Laocoon, a series of three sculptures of snakes (displayed on mirrors, a technique which seems to have become popular in recent times) stands between these paintings. The use of glitter is enjoyably fitting, giving a vivid slipperiness to the snake’s skin. The title perhaps references that extremely famous sculpture, Laocoon and his Sons, in which the unfortunate subjects are crushed to death by sea-snakes, although the reasons for this are pretty mysterious. No sense of agony, or indeed any sensation at all, is created in the viewer by these sculptures. Maybe the title is supposed to be ironic. (Or does it reference the famous Clement Greenberg essay, in which he argued to the inevitable move of painting towards “pure” abstraction? Paterson’s paintings are definitely not pure).
Standing in the entrance-way of the exhibition, the viewer is curiously presented with the back-end of the sculpture David, a gorgeous, two meter tall bear (according to the Biblical story, David battled and killed a vicious bear, but this bear seems very friendly). The bear stands as if in contemplation in front of a painting, amazingly life-like, possessing an enchanting sense of animation in the slight contraposto of its body, and the awed, cross-eyed look on its face. The irreverence of the artwork (a bear couldn’t look at a picture) gives way to seriousness (why couldn’t it look at one?).

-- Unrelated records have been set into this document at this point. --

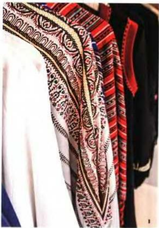
1 | Σάλια υφανμένα από Ελληνίδες τσενίτριες. 2 | Σουένι γλέσκο φτιαγμένο από τον Βάσια Τσιπόγιαννη. 3+4 | Λιτή clutch bag και χειροποίητη κρεμαστή τσάντα ώμου, και οι δύο σε σχέδιο της Sophia Kokosalaki για την TRIA ETC.
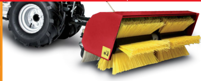
Spazzolatrice professionale orientabile lateralmente (accessorio) Ruota 16x6.50 - 8 (necessita distanziale 60mm) (accessorio) Professional rotary sweeper side adjustable (implement) Tyre 16x6.50 - 8 Requires wheel spacers mm 60 (implement)
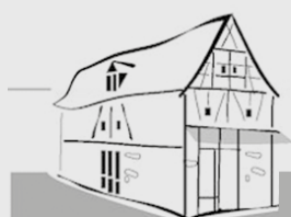
MARKTBÜCHEREI ST. MARTIN EGGOLSHEIM - AM GEMEINDEZENTRUM
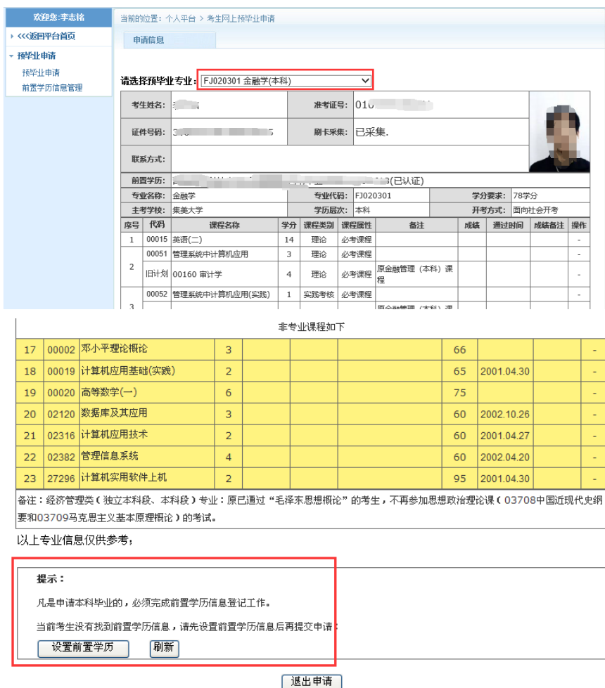
图 2.1.4 预毕业专业选择及设置前置学历认证
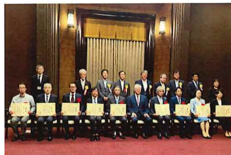
鈴木病院長：前列 左から4人目
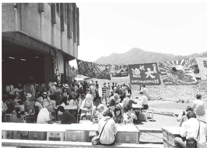
多くの来場者で賑わう海町マーケット

豊岡市竹野町は、日本海に面した兵庫最北端の町です。町の中央を流れる竹野川は、南部の山岳地域と北部の海岸地域をつなぐ一町一川の河川です。竹野町では、自然あふれる町の特性を活かした林業・農業・漁業・観光業が主な生業として営まれてきました。竹野海岸は、海面変動や地殻変動により、複雑に入り組んだ形状のリアス式海岸が特徴で、その海岸地形は多くの魚などの水産資源を育み、小型船を使った漁業（刺し網、磯見、定置網、一本釣り）が盛んに行われて
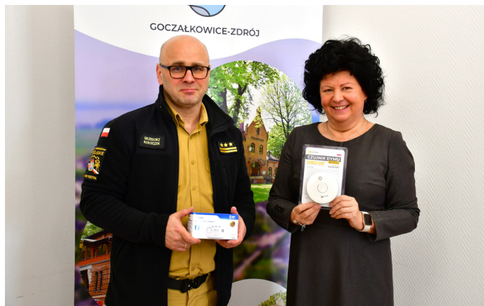
Czujniki trafiły do potrzebujących mieszkańców gminy
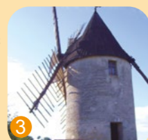
Moulin de Vensac

A ne pas manquer, le plus grand lac d'eau douce de France (Hourtin et Carcans), et les nombreux sentiers, balades et activités à découvrir.
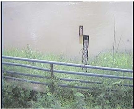
สถานีแก่งสะพือ จ.อุบลราชธานี (แม่น้ำมูล)

ระดับน้ำ 107.16 ม.รทก. (น้ำปกติ) EC 0.01 mS/cm pH 6.92
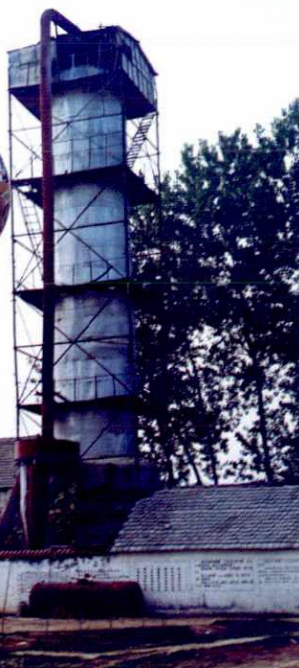
▲ 江苏洁汇洗涤剂厂生产合成塔
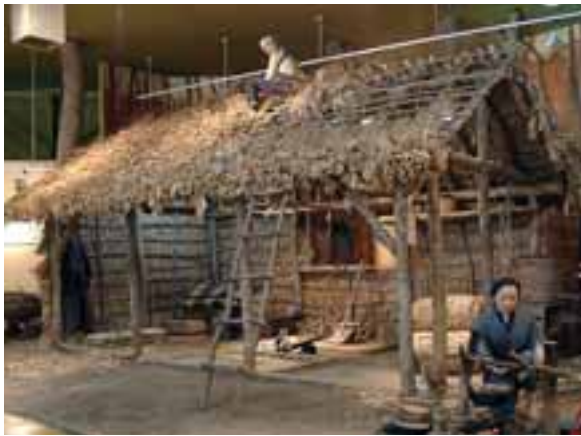
にゅうしょくしゃ ていど 入植者たちは、ある程度落ちつくと、自分たちの手で小屋を建てた。 (幕別町ふるさと館展示: 1)

近くの人たちと力を合わせて井戸をほり、そのそばに共同の風呂を建てたところもありました。
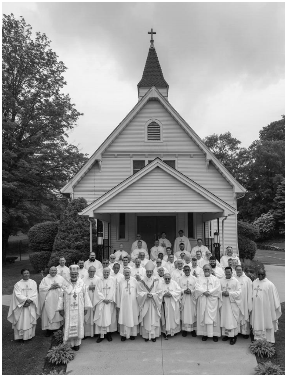
Des aumôniers d'État du monde entier se sont joints à l'archevêque Lori pour un pèlerinage en autobus vers les sites importants dans la vie et le ministère de l'abbé McGivney, y compris la messe à l'église Immaculate Conception à Terryville, au Connecticut (ci-dessus).

En parlant de la vision et de la mission durables de l'abbé McGivney pour l'Ordre, l'archevêque Lori a dit : « Si nous regardons attentivement la vie et le ministère du bienheureux Michael McGivney, nous verrons que sa première préoccupation était le bien-être spirituel des hommes de sa paroisse. Il pouvait voir que certains d'entre eux étaient sur la voie de devenir des catholiques nominaux – exerçant leur foi de façon sporadique ou même pas du tout. Il pouvait voir les défis du mariage et de la vie
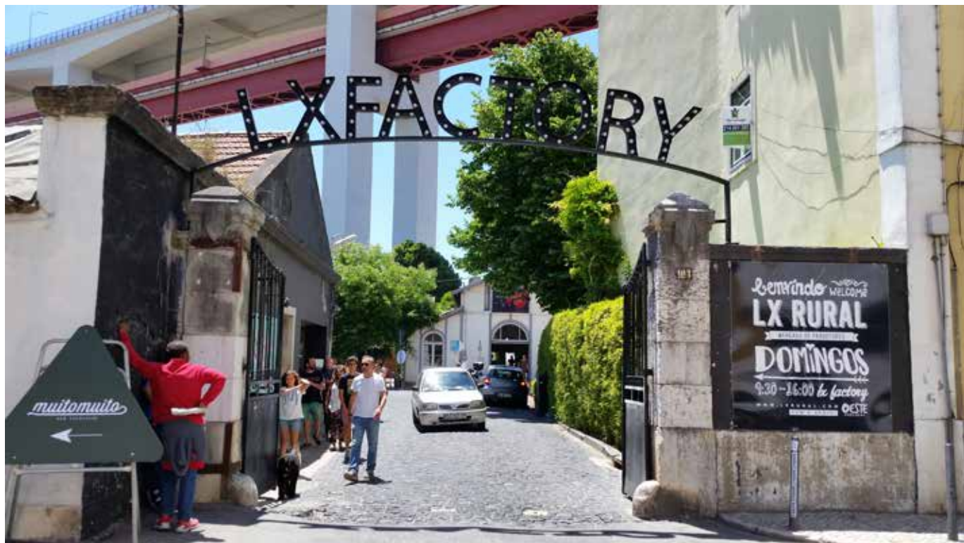
Fig. 10 LX Factory (Lisboa), acceso
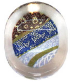
CH5 クリア箸置き 花小紋 上代：¥400 (バラ) ¥450 (台紙入)
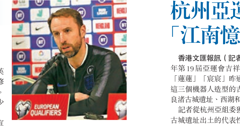
修夫基自願減薪。

香港文匯報訊(記者梁志達) 歐洲足球賽場停擺不僅嚴重打擊球會的銀根，也影響到各國足總的收入。英格蘭代表隊主帥修夫基據報近日與足總達成了協議，同意減薪大約三成。 英超多家球會因應疫情停賽而作出節流措施，但球員則暫未被開刀，因為英格蘭球員工會還未就整體減薪30%的幅度與聯賽會傾搨數，球員認為此舉會令英國庫房少了一筆可觀的稅務收入，反而對抗疫不利。 聯賽、盃賽、國際賽暫停也同時令各國足總的荷包大縮水，據報英格蘭足總在與「三獅軍團」領隊修夫基協商後，對方同意減薪三成。以他現時年薪計算，一年最多將少收100萬英鎊(約950萬港元)。 另一方面，利物浦日前官方宣佈，因受新疫情及英超停擺影響，球會將一些員工列為臨時停職狀態，這些員工將從英國政府處領到80%薪水，剩下20%才由利物浦承擔，這做法結果招來名宿加歷查和一群球壇人士的罵聲。 英超、意甲等歐洲主流聯賽重開

Animals are important to the collection in the way that they comment on the weirdness of the art experience. Prayer, a print of a Zebra, (the composition of which is unusually portrait-like) works with the monochromatic zigzag patterns featured in most of the works to show the patterns as abstracted from nature, yet somehow becoming completely unnatural. The titles of these works - as names of flowers, such as The Dandelion - are also telling. Does Paterson mean to suggest that the art experience, as entirely peculiar to humans, is a sign of our total divergence from nature? Or is it just an entertaining joke?
Also Paterson’s ongoing interest in the camp aesthetic is prevalent in these recent works through their stylization, theatricality and knowing artifice. Yet there is something considerably more challenging about these works. It is impossible to decide whether they are really detached and vacuous, celebratory of their audacious visual style and concerned with little else, or if they offer some sort of critical commentary on the state of art and taste. The subtle reference to art history in the titles of the sculptures seems to say that they do.
Paterson, after offering this cohesive, thought-provoking and just plain pleasurable Dunedin presentation, is about to complete a three month residency in South Korea. This follows stints in France, Rarotonga and New York over the past several years. I’m sure they’ll love him.